Whitner and co-plaintiff Vincent Blount say they have been fined a total of $2,800 for ordinance violations in their Pagedale home. They were ticketed for having chipping paint on a downspout, for not having a screen door on the back door, and for having weeds in their vegetable garden.
As the fines mount, they have less and less to spend on the upkeep of their home. They have lived in Pagedale for 18 years and have three children. Their fellow plaintiff Mildred Bryant is 84 and has lived in Pagedale for 46 years.
Statistics show they are not alone. As the fallout from the Ferguson and Michael Brown protests continues, smaller municipalities that once relied on traffic tickets to balance their budgets have looked for other ways to bring in money - often on the backs of their citizens.
Similar lawsuits against St. Louis County cities that targeted minority drivers for traffic tickets have forced police department reforms in that area.
Joshua House, an attorney for the Institute for Justice, who represents Whitner, Blount and Bryant, calls it "taxation through citation."
The lawsuit claims that the number of non-traffic municipal fines issued by Pagedale has increased by nearly 500 percent in the past five years, and that revenue from non-traffic tickets makes up almost 20 percent of the city's budget.
Pagedale's population of 3,307 is 93 percent black and its unemployment rate is about 7 percent, according to city-data.com.
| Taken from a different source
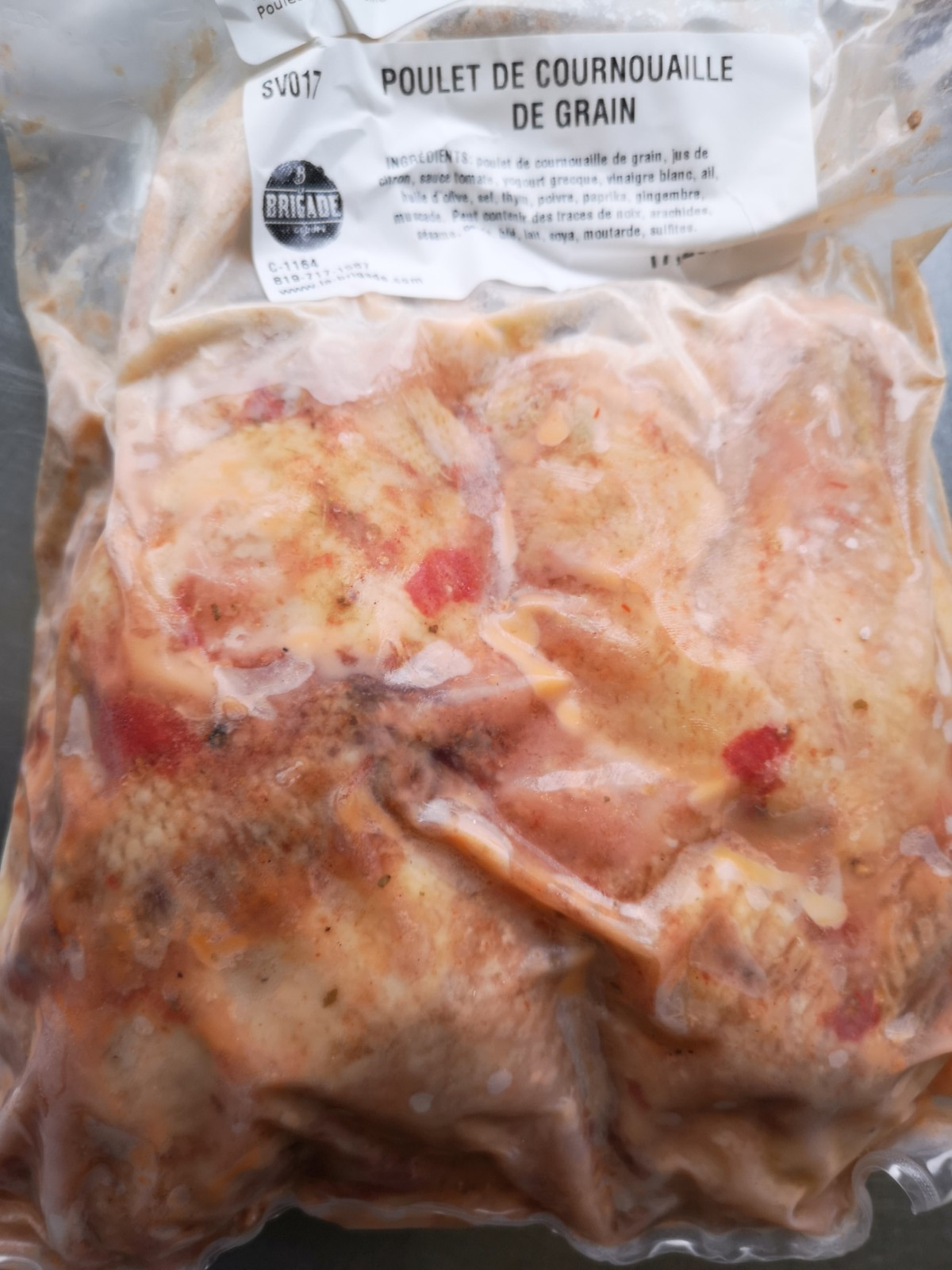 SV017 POULET DE CORNOUAILLES 12 unités/boîte (6x2) Poids unitaire approx. 300 gr Four Convection : Préchauffer le four à 375°F, déposer la viande avec un corps gras et réchauffer pendant 3-5 minutes Sur la Poêle: Sans corps gras, saisir 2 minutes de chaque côté. |

The median income is $29,686; more than $17,000 below the state average and the per capita income in 2013 was $13,622.
So the fines hit extra hard in Pagedale.
"We've met people who said they couldn't afford the paint to paint their fence," House told Courthouse News. "I guess wood wasn't good enough (for Pagedale)."
Pagedale's city code allows residents to be ticketed for having mismatched curtains, walking on the left-hand side of a crosswalk, wearing pants below the waist, holes in window screens, and having a barbeque in front of a house. The city has even ticketed residents for things that aren't illegal, such as having a small crack in a front walk, chipping paint on a building foundation, or an unpainted wood fence, according to the complaint.
House said the city's need for money creates an unconstitutional incentive for Pagedale's prosecutors and municipal court to convict defendants, and creates a substantial risk of bias and prejudgment.
If the lawsuit succeed, it could have consequences region-wide.
According to the 2012 census of governments, there are 387 governmental entities in St. Louis County. Of those, 89 are municipalities, and almost 50 of those are cash-strapped mostly black municipalities in north St. Louis County.